I also have to plant out a few squashes.

I hope you have a super week. I’ll end with a few simple tips for coping in a heatwave:

  1. Stay hydrated
  2. Wear loose fitting clothing in naturally breathable fabrics
  3. Overthrow capitalism, defund billionaires and dismantle the fossil fuel industry
  4. Treat yourself to an ice-cream

5 thoughts on “Frog, Yukka, Vegetables, Heat, Climate and Grace: Six on Saturday, July 16th 2022

  1. The weather there seems to be big news. Goodness though; I am glad that we are not so concerned every time it gets that warm here. (I translated celcius to farenheit.) Is cold weather during winter considered to be dangerous also?


    1. Hi Tony, we are just not used to that kind of heat here. Most homes don’t have air conditioning, and our infrastructure isn’t resilient to heat. Heat of 104 degrees Fahrenheit would be record breaking here, the hottest ever was 101.

      More info, from

      British authorities have described the extreme heat as a “national emergency” and southern Britain is under an “extreme” heat warning for the first time on record.

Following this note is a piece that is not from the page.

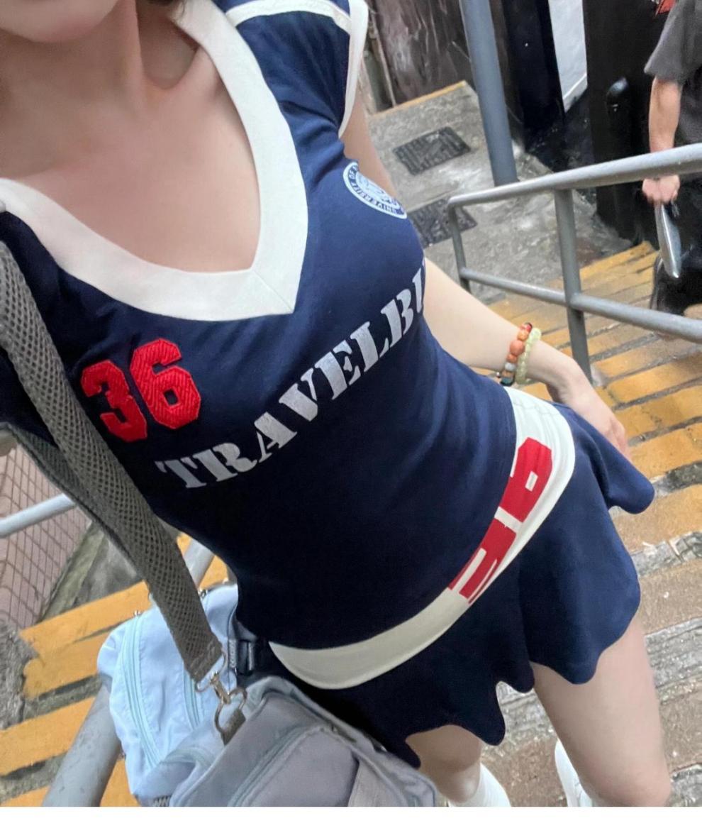 아메리칸 컬리지 스타일 슈트 핫걸 레터 스플라이싱 브이넥 반팔 탑 A라인 슬리밍 스커트 여성 여름 투피스 세트스토어 가기

      British authorities are issuing dire warnings, as temperatures may reach 104 degrees Fahrenheit in southern Britain, a region usually known for moderate summer heat, with July highs in the 70s. It’s the first time such a forecast has been made in the area.

      Liked by 1 person

      1. Goodness, 101 degrees would be nice! I mean, although warm, it would be nicer than warmer weather. However, it seems to me that even 90 degrees can be unpleasantly warm with humidity. Just out of curiosity, I looked up the weather of Trona, where I considered the purchase of a vacation cabin, to see that the weather will exceed 104 degrees daily in the foreseeable future. It can continue like that through summer. it drops to the mid 70s overnight.